Lineage-specific patterns in the Moraceae family allow identification of convergent P450 enzymes involved in furanocoumarin biosynthesis.

Specialized metabolites are molecules involved in plants' interaction with their environment. Elucidating their biosynthetic pathways is a challenging but rewarding task, leading to societal applications and ecological insights. Furanocoumarins emerged multiple times in Angiosperms, raising the question of how different enzymes evolved into catalyzing identical reactions. To identify enzymes producing lineage-specific metabolites, an evolutionary-based approach was developed and applied to furanocoumarin biosynthesis in Ficus carica (Moraceae). This led to the characterization of CYP71B129-131a, three P450 enzymes whose evolution of the function was investigated using phylogenetics, structural comparisons and site-directed mutagenesis. CYP71B129 and CYP71B130,131a were found to hydroxylate umbelliferone (coumarin) and xanthotoxin (furanocoumarin), respectively. Results suggest that CYP71Bs xanthotoxin hydroxylase activity results from duplications and functional divergence of umbelliferone hydroxylase genes.
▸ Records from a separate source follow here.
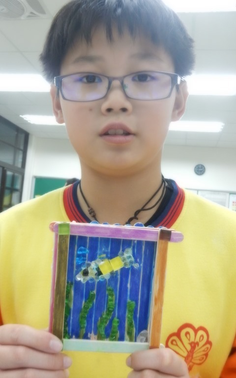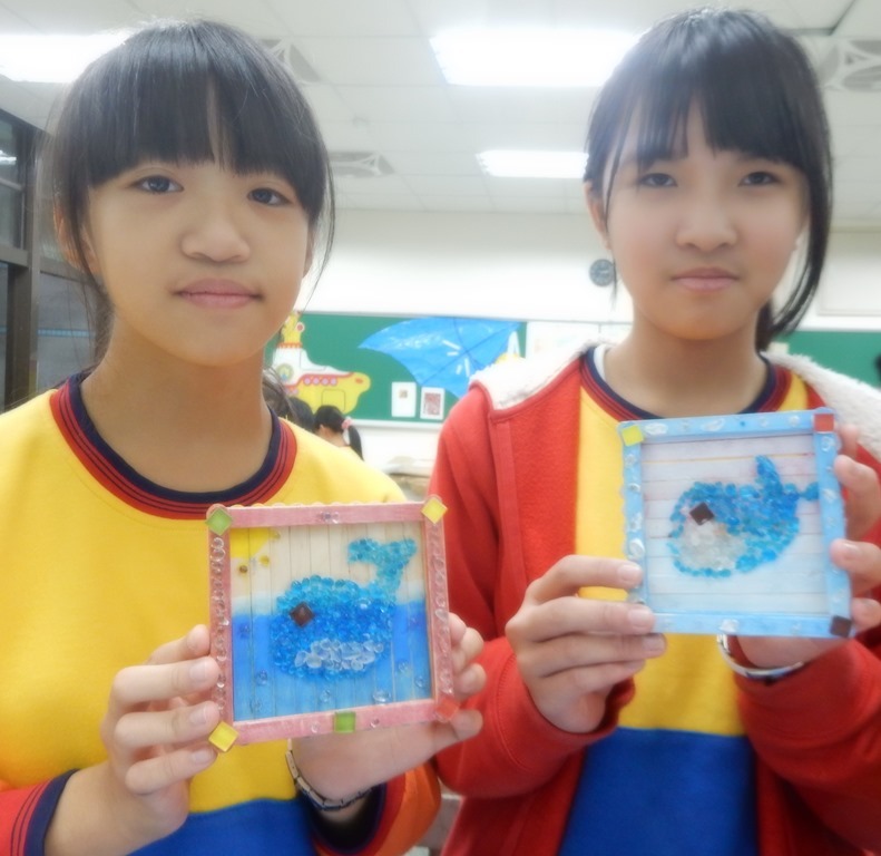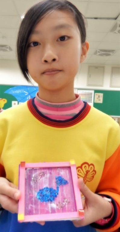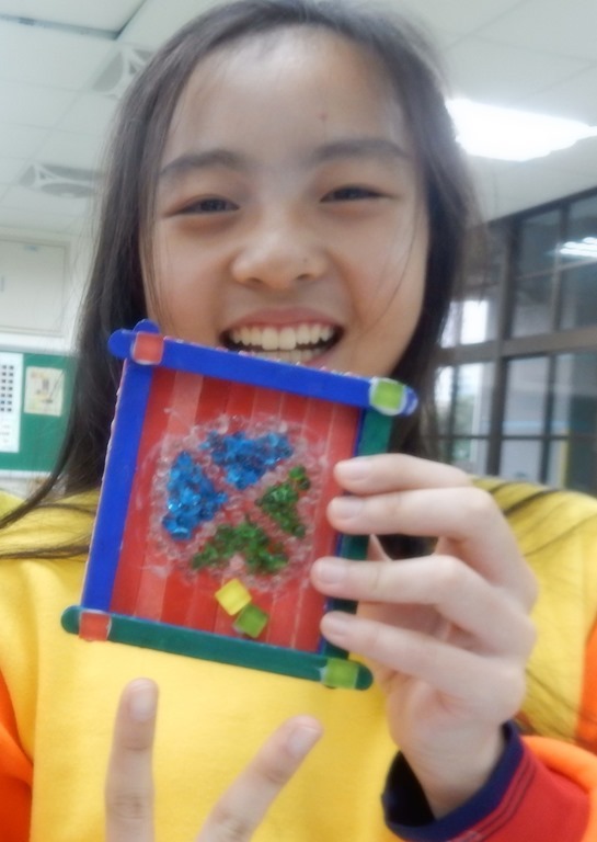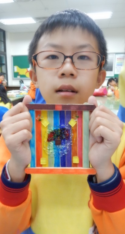 20支冰棒棍,構成方型基座,小圓珠琉璃和6個馬賽克用白膠黏貼,主題和背景色彩對比凸顯01[@more@]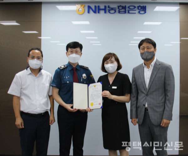 농협은행 평택시지부가 8월 4일 은행원의 긴급신고시스템 작동으로 보이스피싱 피해를 막는 데 중요한 역할을 했다.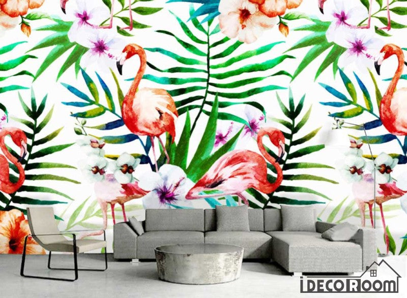 Nordic flamingo animal plant floral wallpaper wall murals IDCWP-HL-000315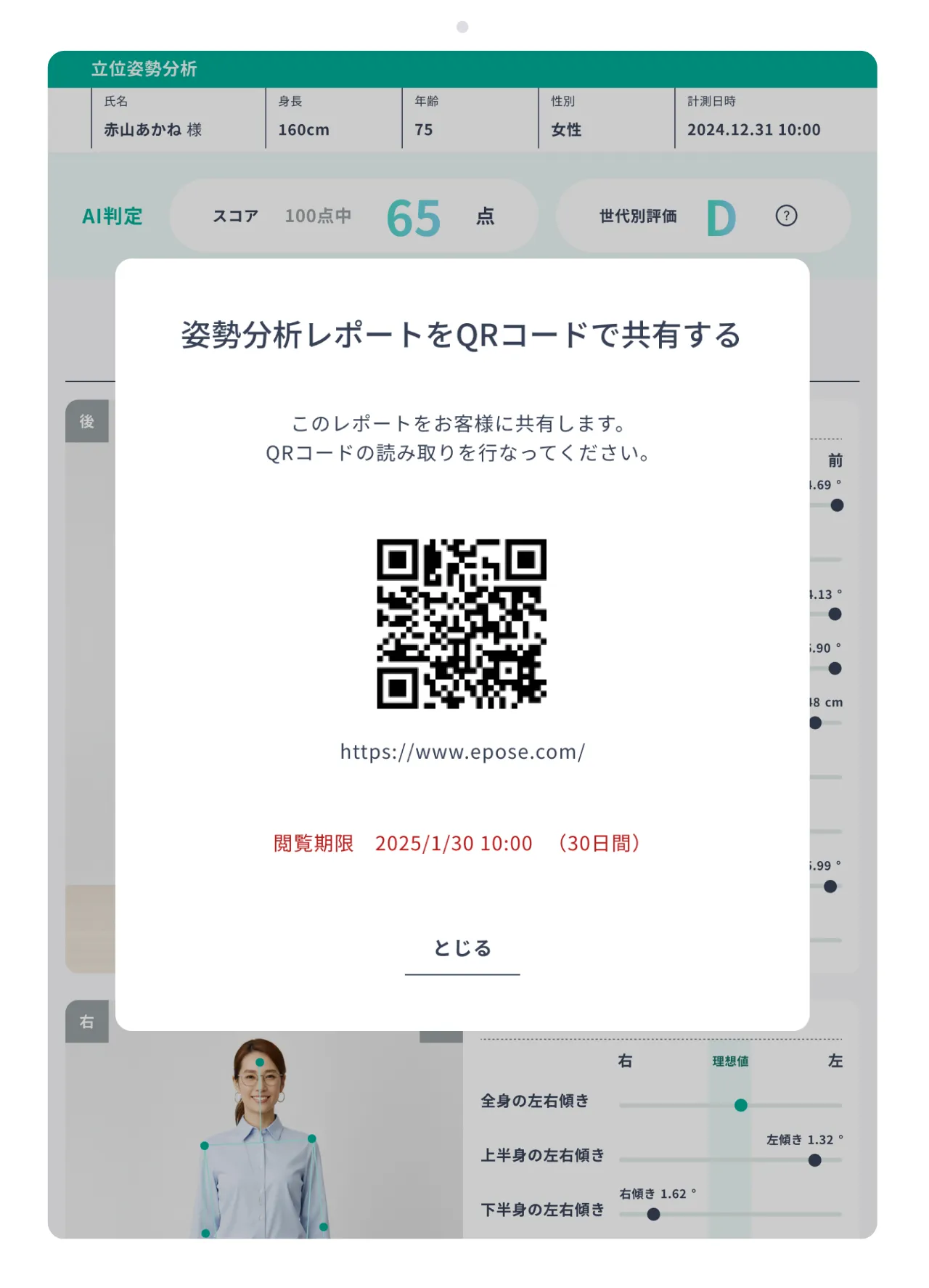 姿勢分析レポートを見て、スコアや姿勢タイプなどをお伝えします。レポートはQRコードを読み取ることで共有できますので、お客様へのプレゼントに。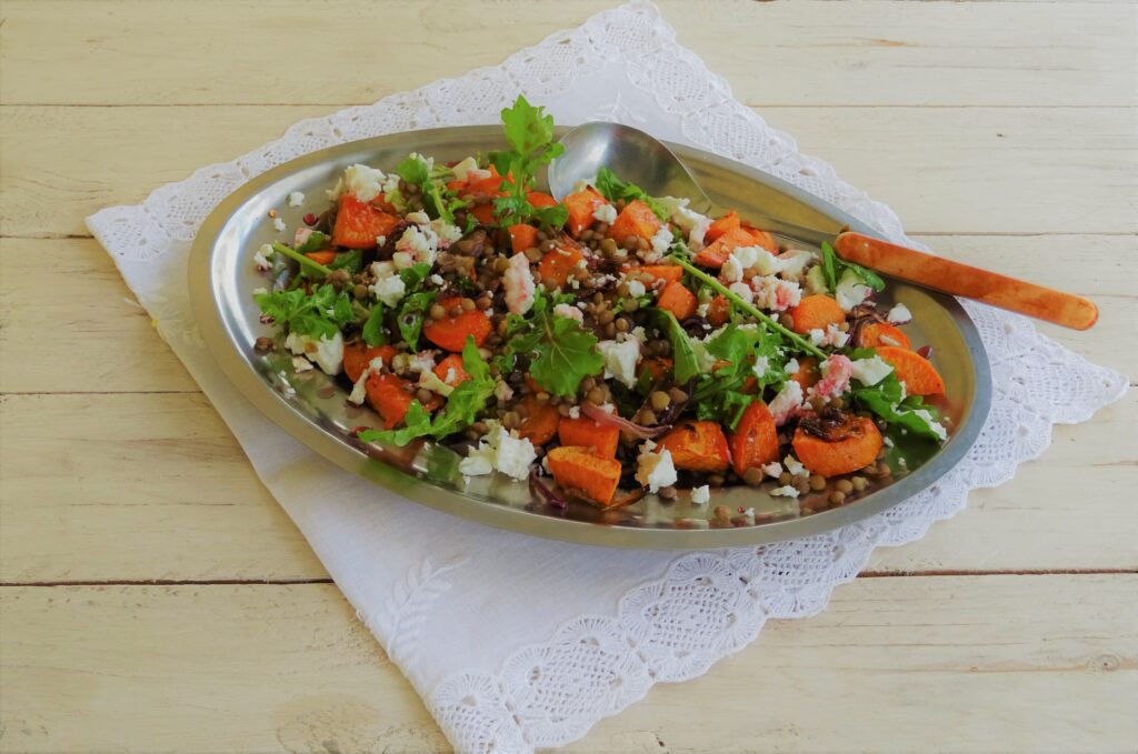 Σαλάτα με γλυκοπατάτες, καρότα, φακές και φέτα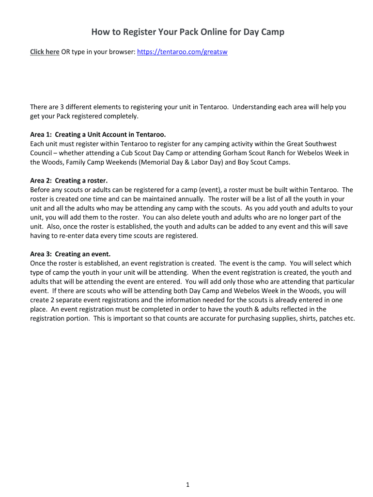 How to Register Your Pack Online for Day Camp Click here OR type in your browser: https://tentaroo.com/greatswThere are 3 different elements to registering your unit in Centuries. Understanding each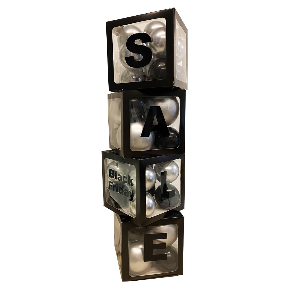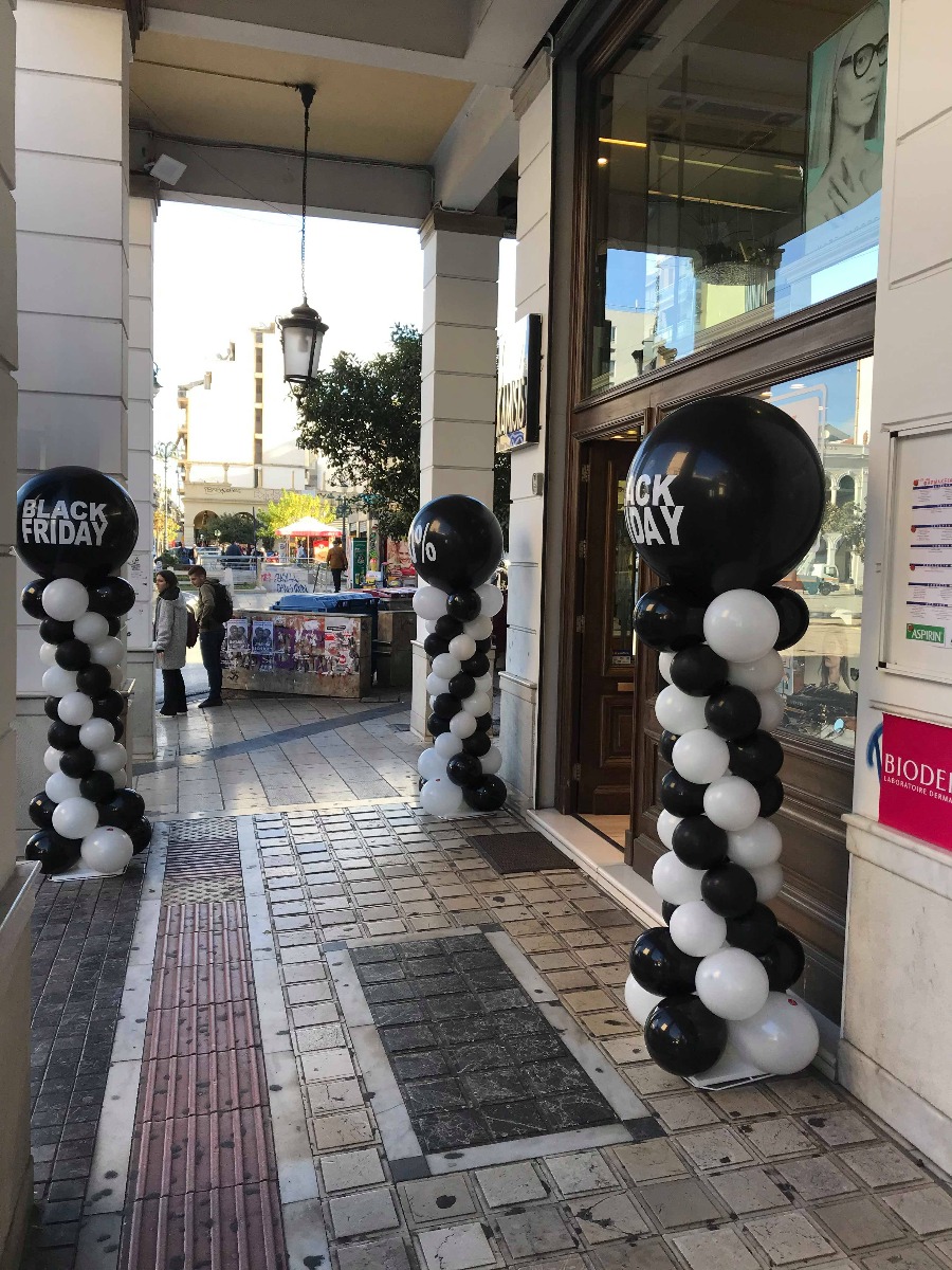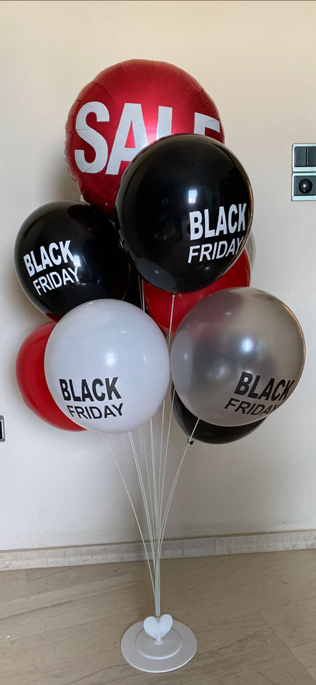 Τα μπαλόνια είναι η ιδανική λύση για να γίνει στοχευμένη προβολή και ενημέρωση στο καταναλωτικό κοινό. Υπάρχουν μπαλόνια που αναγράφουν τα ποσοστά των εκπτώσεων που ποικίλουν από προϊόν σε προϊόν, έντονα τη λέξη SALE και φυσικά το Black Friday που συνδυάζεται με όλα αυτα. Η διάρκεια ζωής των μπαλονιών υπερκαλύπτει την περίοδο της Black Friday και έτσι τα μπαλόνια αποτελούν την εύκολη, οικονομική και στοχευμένη διαφημιστική προβολή. Η Black Friday αν και προέρχεται από την Αμερική έχει ανταπόκριση σε όλες τις Ευρωπαϊκές, αλλά και Ασιατικές χώρες, με καταναλωτικό οίστρο από πολλούς φανατικούς καταναλωτές που κυνηγούν τη χαμηλή τιμή.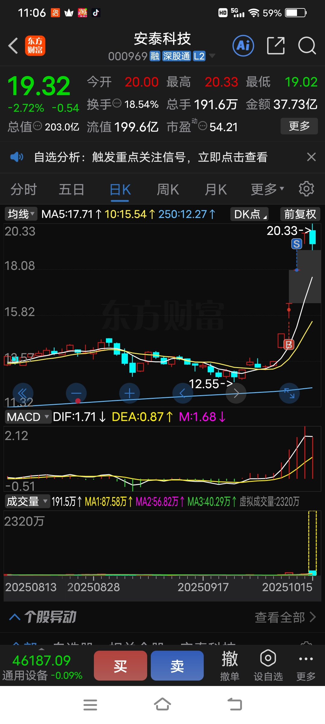 $安泰科技(SZ000969)$ 看今天的走势我也没什么后悔的了!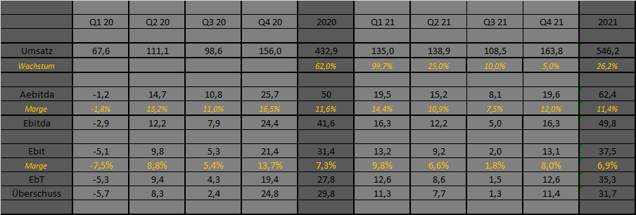 Bin grad dabei, meine Tabelle vor allem in den einzelnen Quartalen für 2021 zu aktualisieren. Durch diesen extremen Vorsprung des Q1 für die Jahresprognose des AEbitda kann bei der Umsatzprognose des Vorstands eigentlich keine Marge unter 11% rauskommen, selbst wenn man ab sofort mit stark steigenden Marketingkosten rechnet. Das ist mir ein absolutes Rätsel, wie man da auf 8-10% kommen will, jedenfalls nicht wenn man beim Umsatz mit fast 550 Mio € rechnet.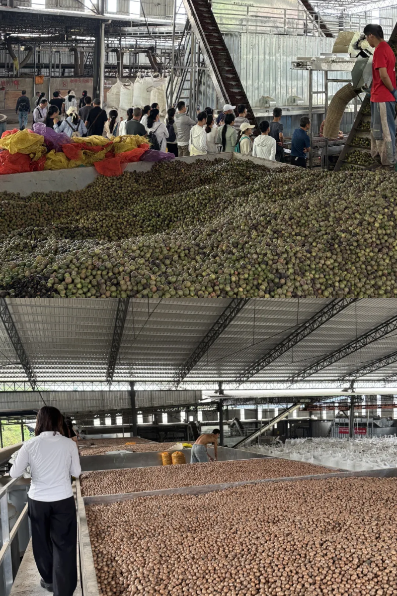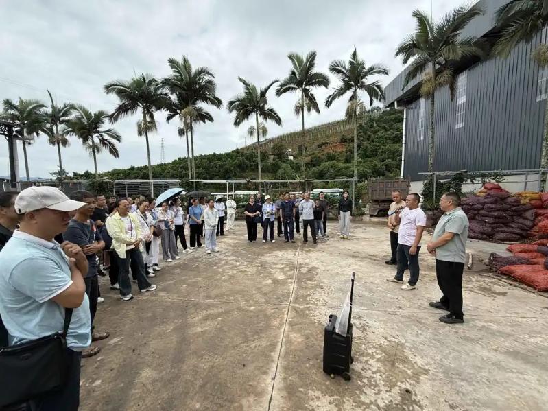 活动当天上午到西双版纳云霖咖啡有限公司坚果加工厂了解澳洲坚果初加工全流程;到云南省林业和草原科学院热带林业研究所种质资源圃,姜老师介绍了沙巴嘉宝果、巴西樱桃、黄晶果、耀堂仙桃蛋黄果等特色水果和其他科研成果。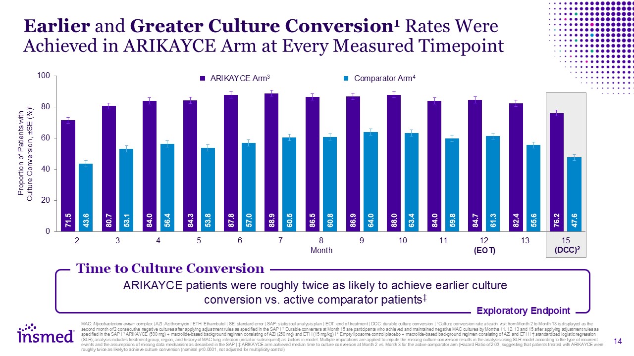 Earlier and Greater Culture Conversion1 Rates Were Achieved in ARIKAYCE Arm at Every Measured Timepoint  Proportion of Patients with Culture Conversion, ±SE (%)†  Month  ARIKAYCE Arm3  Comparator Arm4  MAC: Mycobacterium avium complex | AZI: Azithromycin | ETH: Ethambutol | SE: standard error | SAP: statistical analysis plan | EOT: end of treatment | DCC: durable culture conversion | 1Culture conversion rate at each visit from Month 2 to Month 13 is displayed as the second month of 2 consecutive negative cultures after applying adjustment rules as specified in the SAP | 2 Durable converters at Month 15 are participants who achieved and maintained negative MAC cultures by Months 11, 12, 13 and 15 after applying adjustment rules as specified in the SAP | 3 ARIKAYCE (590 mg) + macrolide-based background regimen consisting of AZI (250 mg) and ETH (15 mg/kg) | 4 Empty liposome control placebo + macrolide-based background regimen consisting of AZI and ETH | † standardized logistic regression (SLR); analysis includes treatment group, region, and history of MAC lung infection (initial or subsequent) as factors in model. Multiple imputations are applied to impute the missing culture conversion results in the analysis using SLR model according to the type of incurrent events and the assumptions of missing data mechanism as described in the SAP | ‡ ARIKAYCE arm achieved median time to culture conversion at Month 2 vs. Month 3 for the active comparator arm (Hazard Ratio of 2.03, suggesting that patients treated with ARIKAYCE were roughly twice as likely to achieve culture conversion (nominal p<0.0001, not adjusted for multiplicity control)  Time to Culture Conversion  Exploratory Endpoint  ARIKAYCE patients were roughly twice as likely to achieve earlier culture conversion vs. active comparator patients‡  (EOT)  (DCC)2

Structural comparisons highlighted an amino acid affecting CYP71Bs substrate specificity, which may play a key role in allowing xanthotoxin hydroxylation in several P450 subfamilies. CYP71B130-131a characterization validates the proposed enzyme-discovery approach, which can be applied to different pathways and help to avoid the classic bottlenecks of specialized metabolism elucidation. The CYP71Bs also exemplify how furanocoumarin-biosynthetic enzymes can stem from coumarin-biosynthetic ones and provides insights into the molecular mechanisms underlying the multiple emergences of xanthotoxin hydroxylation in distant P450 subfamilies.